**WHAT YOU WILL DO:** Below is a listing to write out in full, exactly as given, without its pictures.

• • • • • • •

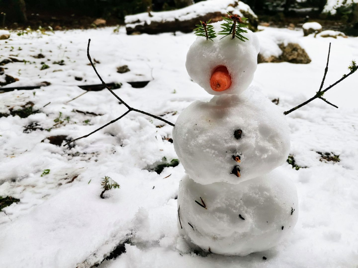 Po cestě dolů jsme postavili sněhuláka a posadili ho na kapotu, jede teď s námi! Potkávali jsme i několik nadšenců opakovaně, co měli 4x4 a zjevně se té trochy sněhu nemohli nabažit. Vjížděli do lesa po měnších cestičkách a prostě si užívali terén.
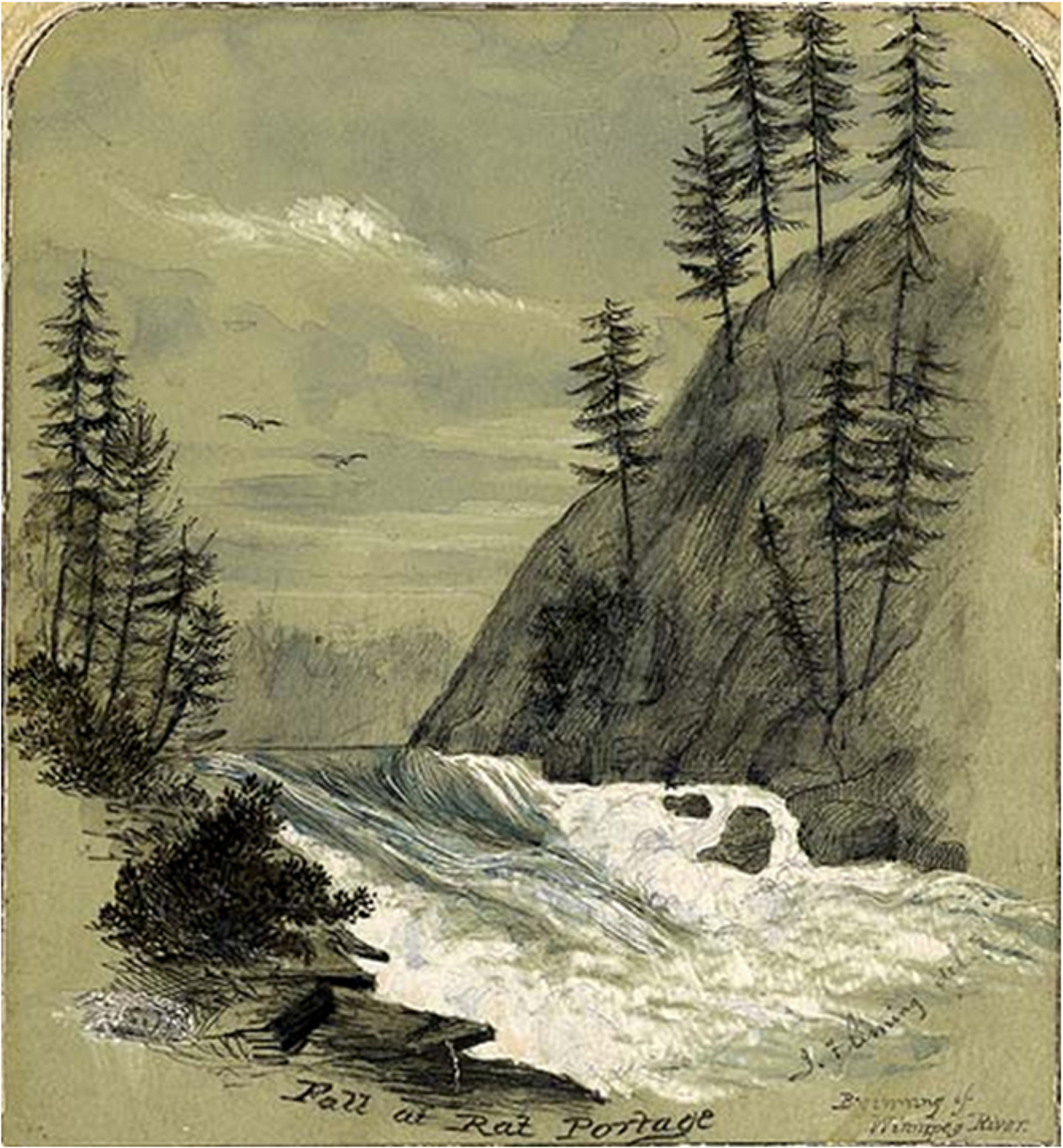 John Arnot Fleming. Fall at Rat Portage [Kenora], Winnipeg River, Ontario 1857. Pencil, grey & blue water colour. J. Ross Robertson Collection JRR 2357
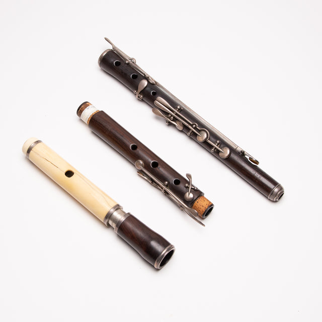This 9-key open hole flute was made by Meyer around 1870 in Hanover, Germany. It’s crafted from rosewood with an ivory head joint and has smaller finger holes typical of the time. The same owner has had it since 1983, and the previous owner mentioned it played well.
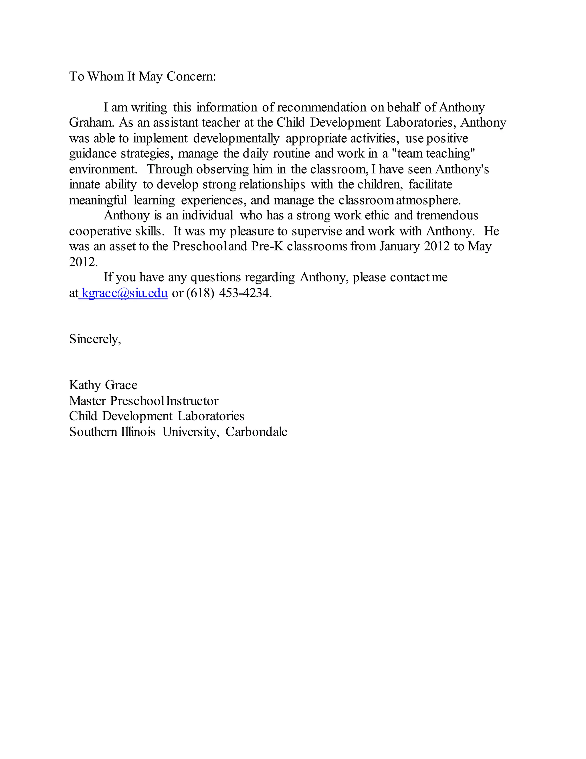 Anthony Graham worked as an assistant teacher from January 2012 to May 2012. His supervisor observed that he was able to implement developmentally appropriate activities, use positive guidance strategies, and manage the daily routine and team teaching environment. She saw that he had an innate ability to develop strong relationships with children, facilitate meaningful learning experiences, and manage the classroom atmosphere. His supervisor also noted that Anthony has a strong work ethic and tremendous cooperative skills.
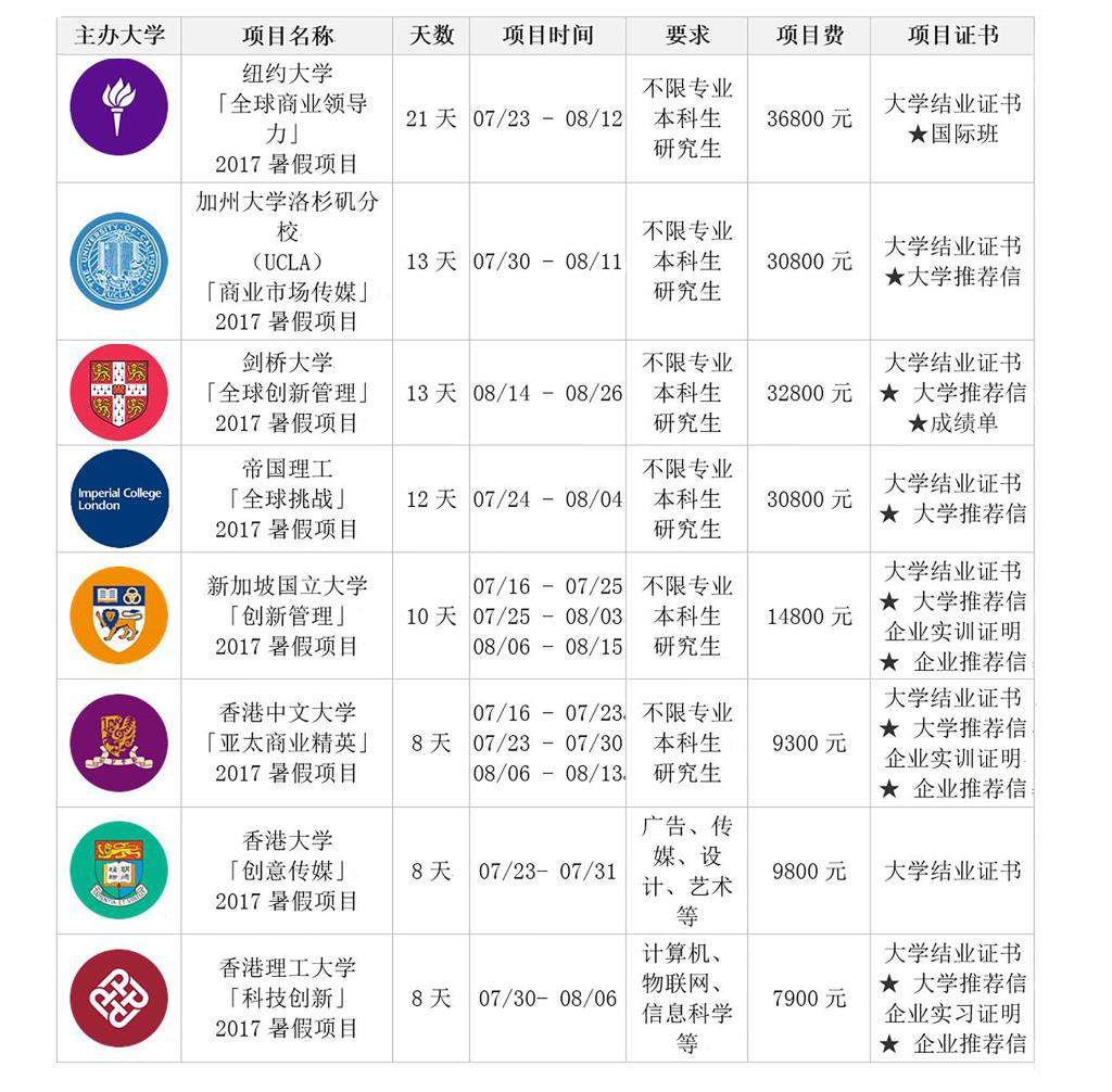 7.关于奖学金:以上项目可申请奖学金。UCLA\NYU项目3000元奖学金、其它项目国际单程机票资助。
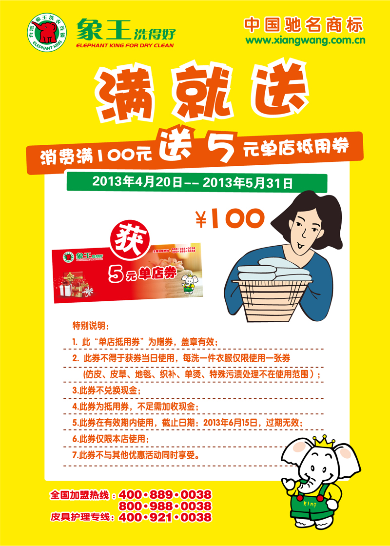 "象王"至今已在全國二十多個省、市、自治區及亞太地 區成功開設了近1000家洗衣連鎖加盟店
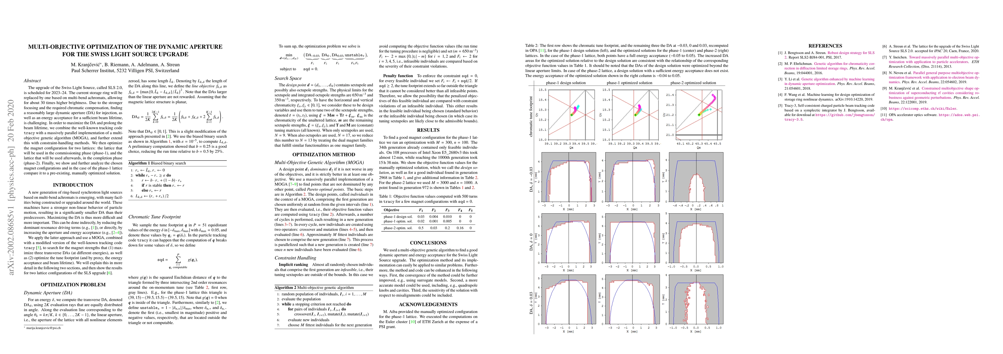 This paper presents a multi-objective optimization approach to determine the dynamic aperture for the upgraded Swiss Light Source (SLS 2.0), combining a tracking code with a parallel genetic algorithm to optimize magnet configurations for two different lattice phases, aiming to maximize brightness and beam lifetime. The results are compared with a previously optimized solution for the initial phase.
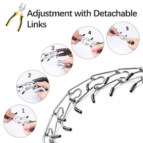 O perímetro da coleira de treinamento para cães pode ser ajustado, adequado para cães pequenos, médios e grandes cães. Você pode adicionar ou remover correntes individuais na coleira de aperto para se ajustar ao pescoço do seu cão conforme necessário. Ajuste com ferramentas como alicates. - ?Treinamento correto?--- Coleira de aperto para cães, fornece pressão necessária de treinamento enquanto protege as áreas sensíveis das vias aéreas e do pescoço dos cães. Não há necessidade de gritar com um cão ou castigar. Você só precisa puxar a coleira de treinamento e o cão vai parar de ser atrevido imediatamente. - ?Segura e eficaz? --- A coleira de treinamento para cães coloca pressão uniforme nos lados do pescoço e não na traqueia, as extremidades das garras da coleira de asfixia são protegidas por pontas de borracha que podem evitar danos ao pescoço do seu cão. - ?TAMANHO AJUSTÁVEL?--- O perímetro da coleira de treinamento para cães pode ser ajustado, adequado para cães pequenos, médios e grandes cães. Você pode adicionar ou remover correntes individuais na coleira de aperto para se ajustar ao pescoço do seu cão conforme necessário. Ajuste com ferramentas como alicates. - ?Material de alta resistência?--- Nossa coleira de pinos é feita de aço inoxidável cromado de alta resistência recomendado por treinadores. As coleiras de garras para cães têm um revestimento prateado para elos que podem proporcionar um período de uso estável para seus cães. - Um cão chamado Abby perdeu o olho direito por causa de um acidente. O cão tornou-se sensível e frágil. O dono de Abby descobriu que Abby ficaria muito feliz toda vez que ele o pegava para jogar, então vendeu sua casa e comprou um iate, e começou uma viagem com Abby em 25 estados. Embora Abby tivesse apenas um olho para a segunda metade de sua vida, o amor que o dono deu a Abby deu a Abby o mundo.

• • • • • • •

**SOLUTION TO THIS TASK:**
 Po cestě dolů jsme postavili sněhuláka a posadili ho na kapotu, jede teď s námi! Potkávali jsme i několik nadšenců opakovaně, co měli 4x4 a zjevně se té trochy sněhu nemohli nabažit. Vjížděli do lesa po měnších cestičkách a prostě si užívali terén.
 John Arnot Fleming. Fall at Rat Portage [Kenora], Winnipeg River, Ontario 1857. Pencil, grey & blue water colour. J. Ross Robertson Collection JRR 2357
This 9-key open hole flute was made by Meyer around 1870 in Hanover, Germany. It’s crafted from rosewood with an ivory head joint and has smaller finger holes typical of the time. The same owner has had it since 1983, and the previous owner mentioned it played well.
 Anthony Graham worked as an assistant teacher from January 2012 to May 2012. His supervisor observed that he was able to implement developmentally appropriate activities, use positive guidance strategies, and manage the daily routine and team teaching environment. She saw that he had an innate ability to develop strong relationships with children, facilitate meaningful learning experiences, and manage the classroom atmosphere. His supervisor also noted that Anthony has a strong work ethic and tremendous cooperative skills.
 7.关于奖学金:以上项目可申请奖学金。UCLA\NYU项目3000元奖学金、其它项目国际单程机票资助。
 "象王"至今已在全國二十多個省、市、自治區及亞太地 區成功開設了近1000家洗衣連鎖加盟店
 This paper presents a multi-objective optimization approach to determine the dynamic aperture for the upgraded Swiss Light Source (SLS 2.0), combining a tracking code with a parallel genetic algorithm to optimize magnet configurations for two different lattice phases, aiming to maximize brightness and beam lifetime. The results are compared with a previously optimized solution for the initial phase.
 O perímetro da coleira de treinamento para cães pode ser ajustado, adequado para cães pequenos, médios e grandes cães. Você pode adicionar ou remover correntes individuais na coleira de aperto para se ajustar ao pescoço do seu cão conforme necessário. Ajuste com ferramentas como alicates. - ?Treinamento correto?--- Coleira de aperto para cães, fornece pressão necessária de treinamento enquanto protege as áreas sensíveis das vias aéreas e do pescoço dos cães. Não há necessidade de gritar com um cão ou castigar. Você só precisa puxar a coleira de treinamento e o cão vai parar de ser atrevido imediatamente. - ?Segura e eficaz? --- A coleira de treinamento para cães coloca pressão uniforme nos lados do pescoço e não na traqueia, as extremidades das garras da coleira de asfixia são protegidas por pontas de borracha que podem evitar danos ao pescoço do seu cão. - ?TAMANHO AJUSTÁVEL?--- O perímetro da coleira de treinamento para cães pode ser ajustado, adequado para cães pequenos, médios e grandes cães. Você pode adicionar ou remover correntes individuais na coleira de aperto para se ajustar ao pescoço do seu cão conforme necessário. Ajuste com ferramentas como alicates. - ?Material de alta resistência?--- Nossa coleira de pinos é feita de aço inoxidável cromado de alta resistência recomendado por treinadores. As coleiras de garras para cães têm um revestimento prateado para elos que podem proporcionar um período de uso estável para seus cães. - Um cão chamado Abby perdeu o olho direito por causa de um acidente. O cão tornou-se sensível e frágil. O dono de Abby descobriu que Abby ficaria muito feliz toda vez que ele o pegava para jogar, então vendeu sua casa e comprou um iate, e começou uma viagem com Abby em 25 estados. Embora Abby tivesse apenas um olho para a segunda metade de sua vida, o amor que o dono deu a Abby deu a Abby o mundo.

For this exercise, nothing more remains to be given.